Esperanto Joins The Rush To Generative AI With A New Appliance

by | Sep 12, 2023 | In the News

The company is also working on its next generation chip which will add HPC features and higher performance with HBM instead of today’s DRAM memory.

Esperanto, the company with a chip containing over 1000 cores of RISC-V, has previewed a new appliance for running inference on Large Language Models (LLMs). The company believes it can provide a simple to set-up and use platform for enterprises looking to deploy AI models tuned to their specific needs and industries.

Esperanto's vision for LLMs is based on delivering models that are tuned for specific verticals.

Esperanto’s vision for LLMs is based on delivering models that are tuned for specific verticals. ESPERANTO

The Motivations For An AI Appliance

While the truly massive models like GPT3-4 and Llama2 get a lot of the press coverage since they are so large and expensive, Esperanto believes that the bulk of deployments of LLMs will smaller models, say under 60 billion parameters compared to teh hundres of billions and even trillion parameter models that OpenAI and others are developing. This makes sense, since a company like Dell or HPE does not need to have its customer support chatbot answer any questions about politics, science, and the rest of the entire universe of information that require a trillion parameter model to handle.

Esperanto also believes that enterprises will, in general, opt to deploy inference infrastructure in their own on-prem datacenters. Anyone who has done the math will agree that clouds will do the bulk of the periodic heavy lifting of training with GPUs, but that the ongoing inference processing can be more cost-effectively deployed on-prem, installed by companies like Penguin Solutions.

Finally, Esperanto sees an opportunity to pre-build the hardware and software infrastructure for the customer, offloading the set-up and configuration of the more popular models, fine-tuned for specific vertical industries.
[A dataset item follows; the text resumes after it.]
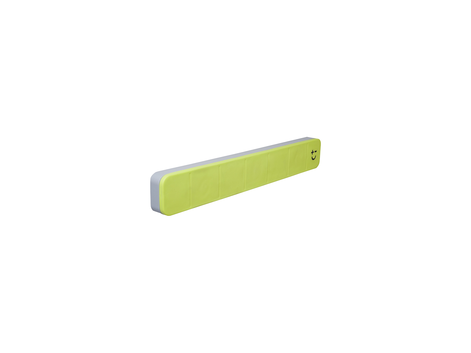 The knife magnet measures 300 mm in length, 45 mm in width, and has a depth of 20 mm. The green silicone surface gives a modern look, while Bisbell's logo discreetly adorns the edge. The magnet is strong enough to securely hold even heavier kitchen knives in place.
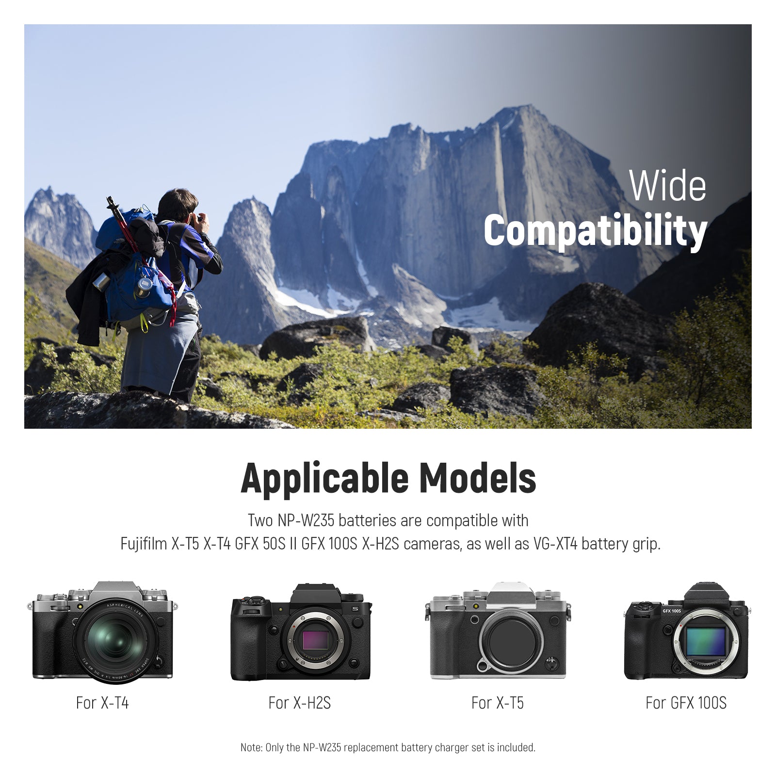 - Fully Compatible with Fujifilm- Equally powerful replacement for original NP-W235 battery, the two rechargeable camera batteries are fully compatible with Fujifilm X-T5 X-T4 GFX 50S II GFX 100S X-H2S cameras, as well as VG-XT4 battery grip

Esperanto is planning to introduce the appliances specific configs and industry models later in Q4, 2023.

Conclusions

We think this is a good move for Esperanto. If Esperanto can deliver an appliance as planned, at 1/3 the cost and consume less than 1/3 the energy of using another platform, they will find an eager market. Inference is going to become a huge opportunity, and using the heavy iron that trained the models to do the inference processing will quickly become untenable and unaffordable.